[Data extracted from a collection]
- - - - - - -

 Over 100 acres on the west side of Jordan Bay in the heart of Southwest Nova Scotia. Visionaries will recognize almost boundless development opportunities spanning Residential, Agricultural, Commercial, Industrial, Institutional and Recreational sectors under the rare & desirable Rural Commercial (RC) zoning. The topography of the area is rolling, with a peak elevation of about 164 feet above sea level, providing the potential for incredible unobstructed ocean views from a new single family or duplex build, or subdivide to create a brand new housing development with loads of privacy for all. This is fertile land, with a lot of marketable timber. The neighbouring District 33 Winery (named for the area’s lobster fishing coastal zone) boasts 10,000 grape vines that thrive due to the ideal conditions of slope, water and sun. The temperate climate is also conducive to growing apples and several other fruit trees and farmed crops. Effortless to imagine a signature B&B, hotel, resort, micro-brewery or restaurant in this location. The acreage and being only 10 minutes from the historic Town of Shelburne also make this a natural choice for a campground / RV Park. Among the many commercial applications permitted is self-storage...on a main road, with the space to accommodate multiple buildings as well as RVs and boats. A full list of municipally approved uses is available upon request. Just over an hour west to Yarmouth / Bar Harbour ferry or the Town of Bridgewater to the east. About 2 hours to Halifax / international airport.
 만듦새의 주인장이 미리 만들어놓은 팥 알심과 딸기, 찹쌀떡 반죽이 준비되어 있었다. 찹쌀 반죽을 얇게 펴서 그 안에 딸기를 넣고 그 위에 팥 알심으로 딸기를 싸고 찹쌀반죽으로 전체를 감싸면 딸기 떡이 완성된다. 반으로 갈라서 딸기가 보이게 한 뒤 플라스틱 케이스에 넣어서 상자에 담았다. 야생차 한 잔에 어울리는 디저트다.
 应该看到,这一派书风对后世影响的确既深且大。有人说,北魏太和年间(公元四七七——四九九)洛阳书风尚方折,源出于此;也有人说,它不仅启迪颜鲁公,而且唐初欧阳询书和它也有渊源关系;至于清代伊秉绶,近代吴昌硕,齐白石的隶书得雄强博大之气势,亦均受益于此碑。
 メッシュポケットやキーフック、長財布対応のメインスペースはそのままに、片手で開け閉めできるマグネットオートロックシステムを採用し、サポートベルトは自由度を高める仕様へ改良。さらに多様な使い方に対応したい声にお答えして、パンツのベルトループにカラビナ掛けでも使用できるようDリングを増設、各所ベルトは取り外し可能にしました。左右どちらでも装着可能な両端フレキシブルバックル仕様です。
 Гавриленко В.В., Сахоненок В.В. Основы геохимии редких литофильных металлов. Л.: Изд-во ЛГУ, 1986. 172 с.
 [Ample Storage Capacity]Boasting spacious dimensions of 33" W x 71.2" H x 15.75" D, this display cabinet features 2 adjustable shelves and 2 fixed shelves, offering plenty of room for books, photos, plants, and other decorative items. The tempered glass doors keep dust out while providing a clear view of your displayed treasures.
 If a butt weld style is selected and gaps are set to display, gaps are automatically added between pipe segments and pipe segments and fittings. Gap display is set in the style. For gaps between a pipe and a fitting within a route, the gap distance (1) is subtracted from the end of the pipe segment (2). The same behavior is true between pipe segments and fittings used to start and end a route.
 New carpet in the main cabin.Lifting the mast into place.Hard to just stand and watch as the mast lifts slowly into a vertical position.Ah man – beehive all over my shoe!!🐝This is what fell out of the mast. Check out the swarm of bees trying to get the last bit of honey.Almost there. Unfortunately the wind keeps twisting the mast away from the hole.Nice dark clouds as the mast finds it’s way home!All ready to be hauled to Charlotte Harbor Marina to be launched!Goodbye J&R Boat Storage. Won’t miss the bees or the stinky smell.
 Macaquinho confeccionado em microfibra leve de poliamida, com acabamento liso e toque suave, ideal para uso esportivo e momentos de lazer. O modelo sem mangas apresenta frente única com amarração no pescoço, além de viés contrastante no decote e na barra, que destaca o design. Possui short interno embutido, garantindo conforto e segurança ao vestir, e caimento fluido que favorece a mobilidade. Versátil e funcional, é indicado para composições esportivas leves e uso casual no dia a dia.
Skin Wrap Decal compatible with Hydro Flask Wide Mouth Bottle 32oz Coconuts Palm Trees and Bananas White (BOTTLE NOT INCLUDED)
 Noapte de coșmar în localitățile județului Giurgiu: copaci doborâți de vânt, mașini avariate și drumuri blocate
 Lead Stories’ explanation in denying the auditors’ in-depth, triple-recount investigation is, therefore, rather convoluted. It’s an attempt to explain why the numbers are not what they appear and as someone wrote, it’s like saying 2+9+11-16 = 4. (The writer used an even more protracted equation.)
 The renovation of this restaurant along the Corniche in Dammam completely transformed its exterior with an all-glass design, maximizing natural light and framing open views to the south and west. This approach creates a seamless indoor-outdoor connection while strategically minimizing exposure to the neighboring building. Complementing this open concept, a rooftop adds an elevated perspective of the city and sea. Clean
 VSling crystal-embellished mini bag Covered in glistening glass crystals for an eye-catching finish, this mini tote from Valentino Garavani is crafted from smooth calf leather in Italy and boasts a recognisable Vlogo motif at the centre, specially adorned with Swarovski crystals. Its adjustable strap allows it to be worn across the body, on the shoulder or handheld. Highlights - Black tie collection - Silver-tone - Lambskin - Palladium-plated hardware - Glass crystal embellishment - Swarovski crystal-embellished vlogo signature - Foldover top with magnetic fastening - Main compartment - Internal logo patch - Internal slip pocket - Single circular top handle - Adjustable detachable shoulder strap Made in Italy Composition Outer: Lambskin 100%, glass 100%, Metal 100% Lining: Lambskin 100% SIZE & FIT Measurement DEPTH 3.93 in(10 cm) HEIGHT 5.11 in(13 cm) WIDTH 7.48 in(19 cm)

- - - - - - -

**What you have to do**
Word for word, restate the lines of the data above that fall between the line holding "Гавриленко В.В., Сахоненок" and the line holding "Macaquinho confeccionado em", inclusive, and no other lines.

**Output for this exercise**
 Гавриленко В.В., Сахоненок В.В. Основы геохимии редких литофильных металлов. Л.: Изд-во ЛГУ, 1986. 172 с.
 [Ample Storage Capacity]Boasting spacious dimensions of 33" W x 71.2" H x 15.75" D, this display cabinet features 2 adjustable shelves and 2 fixed shelves, offering plenty of room for books, photos, plants, and other decorative items. The tempered glass doors keep dust out while providing a clear view of your displayed treasures.
 If a butt weld style is selected and gaps are set to display, gaps are automatically added between pipe segments and pipe segments and fittings. Gap display is set in the style. For gaps between a pipe and a fitting within a route, the gap distance (1) is subtracted from the end of the pipe segment (2). The same behavior is true between pipe segments and fittings used to start and end a route.
 New carpet in the main cabin.Lifting the mast into place.Hard to just stand and watch as the mast lifts slowly into a vertical position.Ah man – beehive all over my shoe!!🐝This is what fell out of the mast. Check out the swarm of bees trying to get the last bit of honey.Almost there. Unfortunately the wind keeps twisting the mast away from the hole.Nice dark clouds as the mast finds it’s way home!All ready to be hauled to Charlotte Harbor Marina to be launched!Goodbye J&R Boat Storage. Won’t miss the bees or the stinky smell.
 Macaquinho confeccionado em microfibra leve de poliamida, com acabamento liso e toque suave, ideal para uso esportivo e momentos de lazer. O modelo sem mangas apresenta frente única com amarração no pescoço, além de viés contrastante no decote e na barra, que destaca o design. Possui short interno embutido, garantindo conforto e segurança ao vestir, e caimento fluido que favorece a mobilidade. Versátil e funcional, é indicado para composições esportivas leves e uso casual no dia a dia.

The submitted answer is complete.